Human Heart
Автор: Piyush zoology
Загружено: 2025-12-10
Просмотров: 17
*Heart
The heart is a muscular pump that keeps blood moving through the circulatory system. It sits in the thoracic cavity, slightly left of centre, and beats about 60‑100 times a minute at rest.
Key parts
Atria – the two upper chambers (right and left) that receive blood from the veins.
Ventricles – the two lower chambers that pump blood out: the right ventricle to the lungs, the left ventricle to the rest of the body.
Septum – the wall that separates the right and left sides, preventing mixing of oxygen‑rich and oxygen‑poor blood.
Valves – one‑way doors that keep flow moving forward: tricuspid (right AV), pulmonary (right outflow), mitral (left AV), and aortic (left outflow).
Coronary arteries – vessels that supply the heart muscle itself with oxygen‑rich blood.
Conduction system – the electrical network that coordinates the heartbeat: SA node (pacemaker), AV node, bundle of His, bundle branches, and Purkinje fibers.
Core functions
1. Pump – generates pressure to move blood through the pulmonary and systemic circuits.

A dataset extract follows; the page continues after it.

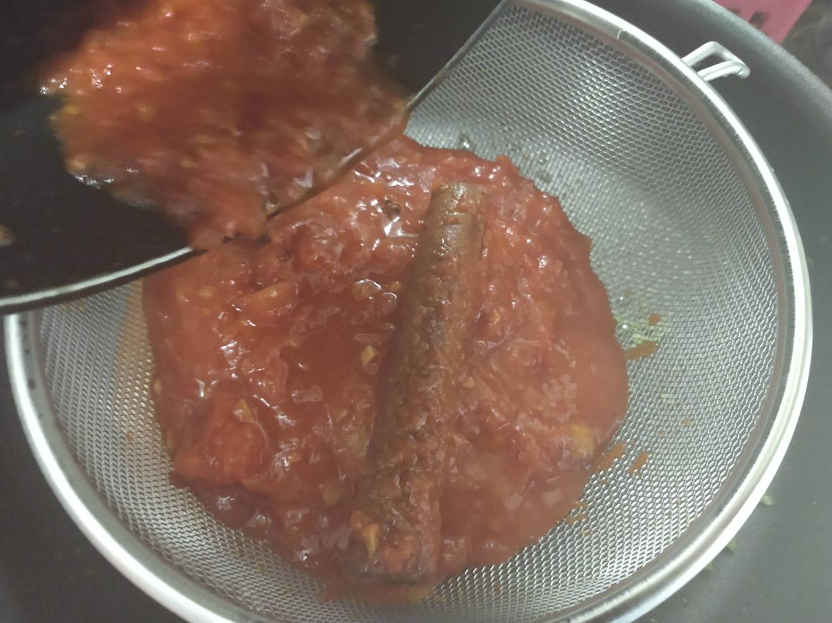 トマト缶は予めキッチンバサミで切っとくと、潰す手間が省けて楽ですよ

2. Distribution – delivers oxygen and nutrients, removes waste products.
3. Regulation – adjusts output (stroke volume and rate) to meet the body’s needs (e.g., during exercise).
Key terms you’ll see
Cardiac cycle – the sequence of contraction (systole) and relaxation (diastole).
Stroke volume – amount of blood ejected per beat.
Cardiac output – stroke volume × heart rate (L/min).
Myocardium – the thick muscular layer of the heart wall.
Pericardium – the fibrous sac that encloses the heart.
Endocardium – the thin inner lining of the heart chambers and valves.
Aorta – the main artery carrying oxygen‑rich blood from the left ventricle to the body.
Pulmonary artery – carries oxygen‑poor blood from the right ventricle to the lungs.
*Heart & Circulation
Blood makes a continuous loop: it picks up oxygen in the lungs, gets pumped out to the body, and returns de‑oxygenated to the heart to start again. The heart itself is the pump that keeps the two circuits moving.
1. Pulmonary circuit (right side)
1. Right atrium receives oxygen‑poor blood from the superior & inferior vena cava.
2. Blood passes the tricuspid valve into the *right ventricle*.
3. The right ventricle contracts → pushes blood through the pulmonary valve into the *pulmonary artery*.
4. The pulmonary artery carries the blood to the lungs, where it picks up O₂ and drops off CO₂.
5. Oxygen‑rich blood returns via the pulmonary veins to the *left atrium*.
2. Systemic circuit (left side)
1. Left atrium empties through the mitral (bicuspid) valve into the *left ventricle*.
2. The left ventricle contracts → forces blood through the aortic valve into the *aorta*.
3. The aorta branches into the arterial tree, delivering O₂‑rich blood to all tissues.
4. After delivering oxygen, blood returns through veins → superior & inferior vena cava → back to the right atrium, and the cycle repeats.
Key players in the loop
Valves (tricuspid, pulmonary, mitral, aortic) keep flow one‑way.
Coronary arteries branch off the aorta to supply the heart muscle itself.
Cardiac cycle = systole (contraction) + diastole (relaxation).
Cardiac output = stroke volume × heart rate (how much blood the heart pumps per minute).